Ces territoires sont vulnérables face à deux phénomènes naturels. En période de crue, les écoulements vers la mer étant très réduits, les eaux viennent s’accumuler et entraient des inondations très longues pouvant excéder plusieurs semaines. En période de tempête, des surcotes peuvent être observées entrainant des risques de submersion de la digue et d’inondation des terres de la bande littorale.

 

 

L’exemple de la Basse vallée de la Saane

Une visite de la basse vallée de la Saâne révèle la présence de nombreux ouvrages hydrauliques, notamment de digues, mais aussi de vannages, qui témoignent d’une forte anthropisation, manifestement ancienne, de l’estuaire.

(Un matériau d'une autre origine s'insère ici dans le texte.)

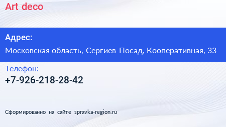 Art deco по адресу Московская область, Сергиев Посад, Кооперативная, 33 в дальнейшем Организация, размещена в следующих категориях:

Jusqu’au 16ème siècle, divers témoignages indiquent que les eaux de la mer remontaient, à marée haute, sur toute la largeur de la vallée.

A partir du 16ème siècle, des travaux à vocation militaire vont entrainer la fermeture de la basse vallée. La deuxième partie du XIXème siècle est marquée par la construction de la buse estuarienne, afin de lutter contre les « fièvres paludéennes ».

Il s’agissait alors d’une buse en bois, inaugurée le 24 novembre 1864. La digue ne sera terminée que quelques années plus tard. La buse initiale fera l’objet de travaux de restauration en 1879 et 1920, puis sera remplacée par l’actuel dispositif en1955.

 

 

La Saâne se rejette dans la Manche par l’intermédiaire d’un épi buse. Cet épis est équipé d’un clapet anti-retour qui se ferme lorsque le niveau de la Manche dépasse celui de la Saâne, ceci afin d’interdire les remontées d’eau salée dans la Saâne.

Lors d’une partie du flot, de la pleine mer et pour une partie du jusant, la Saâne ne s’écoule alors plus à l’aval. Les eaux sont alors stockées dans la Basse Vallée. Le reste du temps, le clapet est ouvert et les eaux de la Saâne se jettent alors dans la Manche.


Les crues ont affecté de nombreux enjeux situés dans la zone inondable correspondant à la zone de contact entre la Saâne et la mer. Les enjeux sur la basse vallée de la Saane sont élevés et concernent plusieurs catégories de biens.

 

Les habitations touchées par les inondations sont au nombre de 112. Pour les activités, 2 exploitations agricoles, un camping,… au total 18 activités sont impactés par les inondations.

 

En Décembre 1999, les inondations ont engendré pour plus de 1,8 Millions d’euros de dégâts.